I think the fairest thing the DALP people could have done was stick to a "first come, first served" program. First-time buyers can understand that a program has run out of funds, but they cannot understand why the City would eviscerate a program with no good reason.
What If I Don't Qualify for My TIC Conversion Loan?
These tough economic times are hitting TICs just like every other type of property. Many TIC buyers between 2003 and 2007 purchased their building with an 80% first mortgage and a 10% equity line or second mortgage, and now find their equity position of 10% is in grave jeopardy because their building has lost value.
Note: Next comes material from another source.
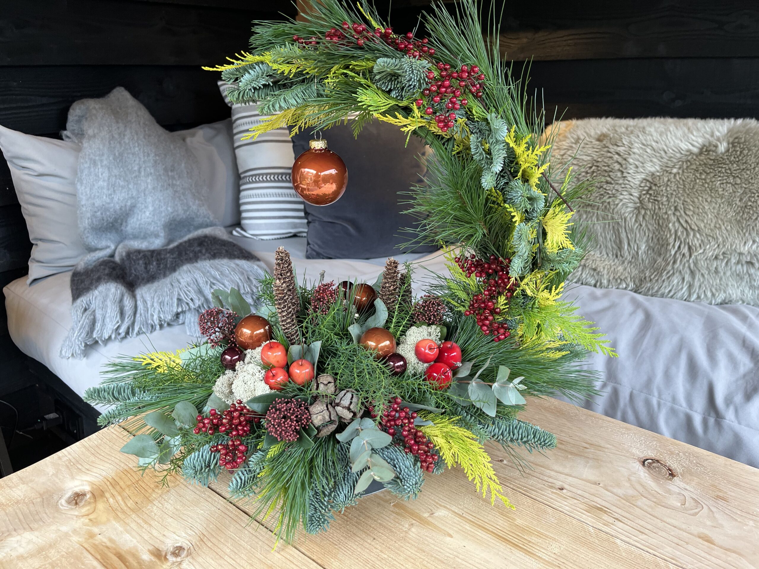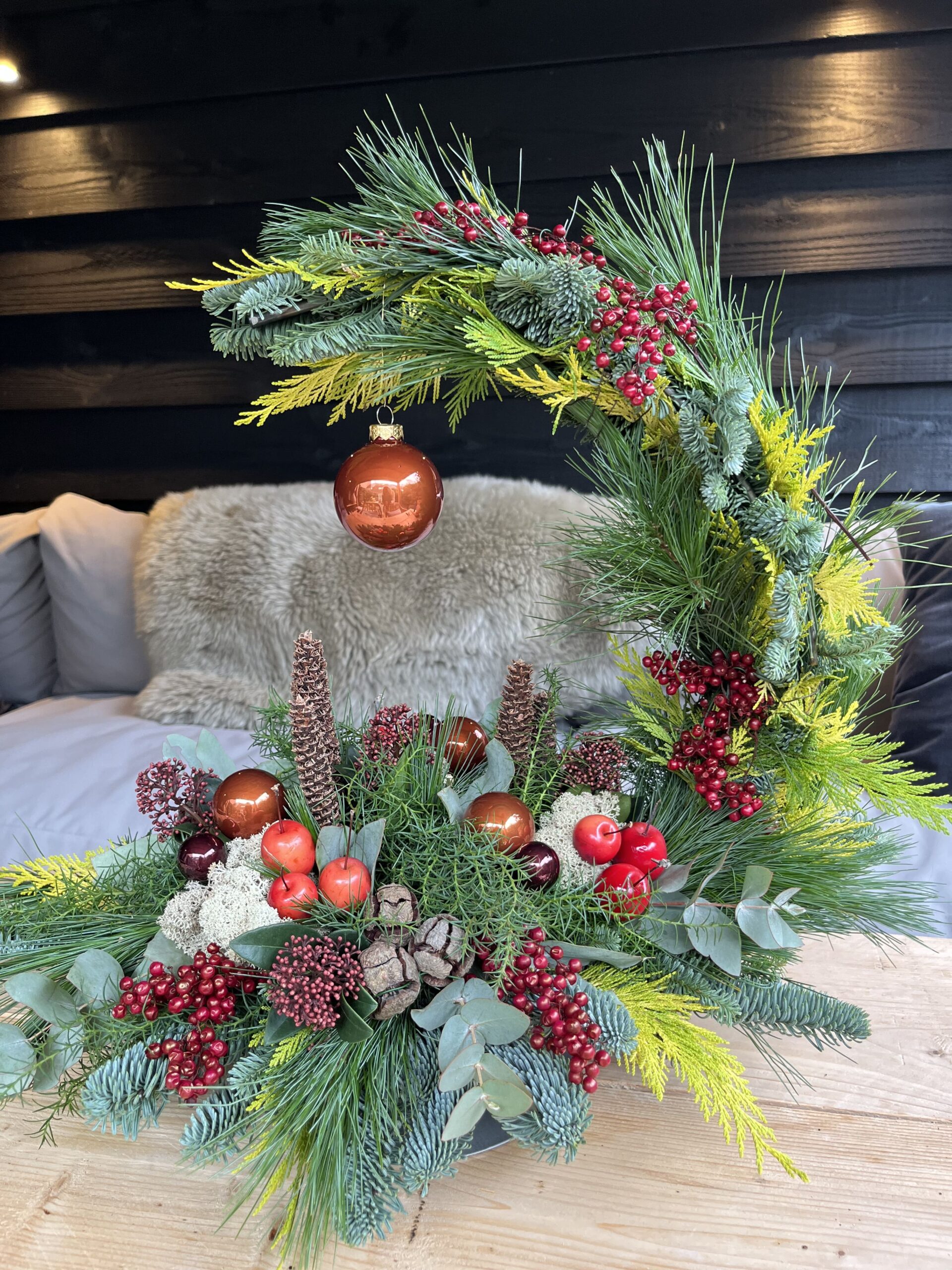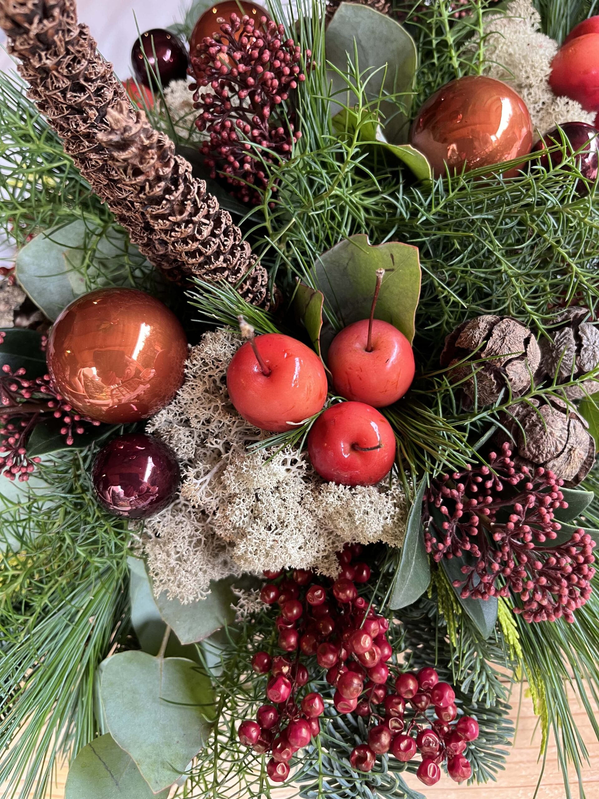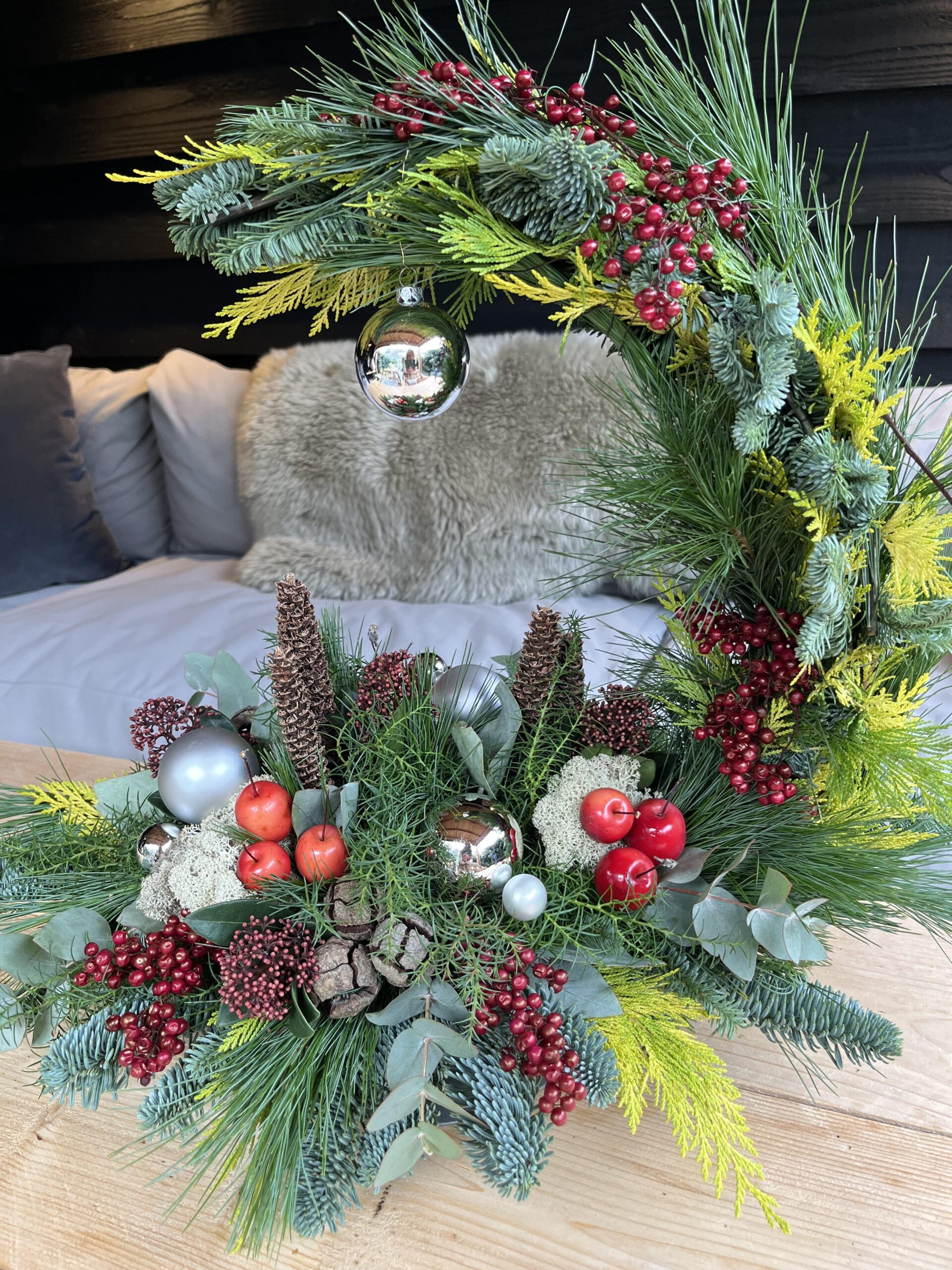Dit jaar heb ik een warm kerststuk samengesteld op een ijzeren frame in de vorm van een halve maan, opgemaakt in gezellige warme tinten: bruin, brons en rood. Het straalt sfeer en warmte uit aan iedere tafel (Ook kunt u uw kerstverlichting mooi draperen door het kerststuk heen).
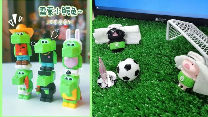 和林里黄鸭类似的还有柠季的小绿鳄鱼,以及茶救星球的苦瓜猪,都是一杯送一只,看着消费者桌子上的鸭猪鱼动物军团越来越壮大,我很难不怀疑柠檬茶行业有一个想开动物园的心。不过后两者的周边显然没有林里出圈,因为我还未曾见过养猪人和养鱼人。

Another problem TIC owners can face is an unexpected job loss and all the problems that go with that. Even if the TIC partner is able to pay the monthly payments from savings, job loss can cause real problems when there is a need for the rest of the group to move on to complete the conversion or simply to take advantage of a lower interest rate.
As a TIC mortgage specialist, I am often asked, "What if my condo conversion is complete and I'm now ready to refinance into a separate condo loan, but one of my partners has lost his job? What happens? Do I need to wait until my TIC partner gets another job?"
According to TIC attorney Andrew Sirkin, the answer is "no". Under most TIC agreements, any one of the TIC partners can force a sale simply be declaring (in writing) that they plan to refinance. If the other partners are unable to participate in a new group loan, they must sell. The same applies if one TIC partner wishes or needs to sell his unit; by declaring her intention in writing, and setting forth a timeline ("I will be selling my unit within 6 months"), the other owners will also be forced to sell if they cannot qualify to participate in a new loan with a new buyer.
Yes, this is a horrible result for the party who lost his job and now may face losing his home. If the parties have enjoyed a good relationship in the past, one would hope something less harsh could be worked out.
If you are faced with this situation, please be sure to check your TIC agreement for details.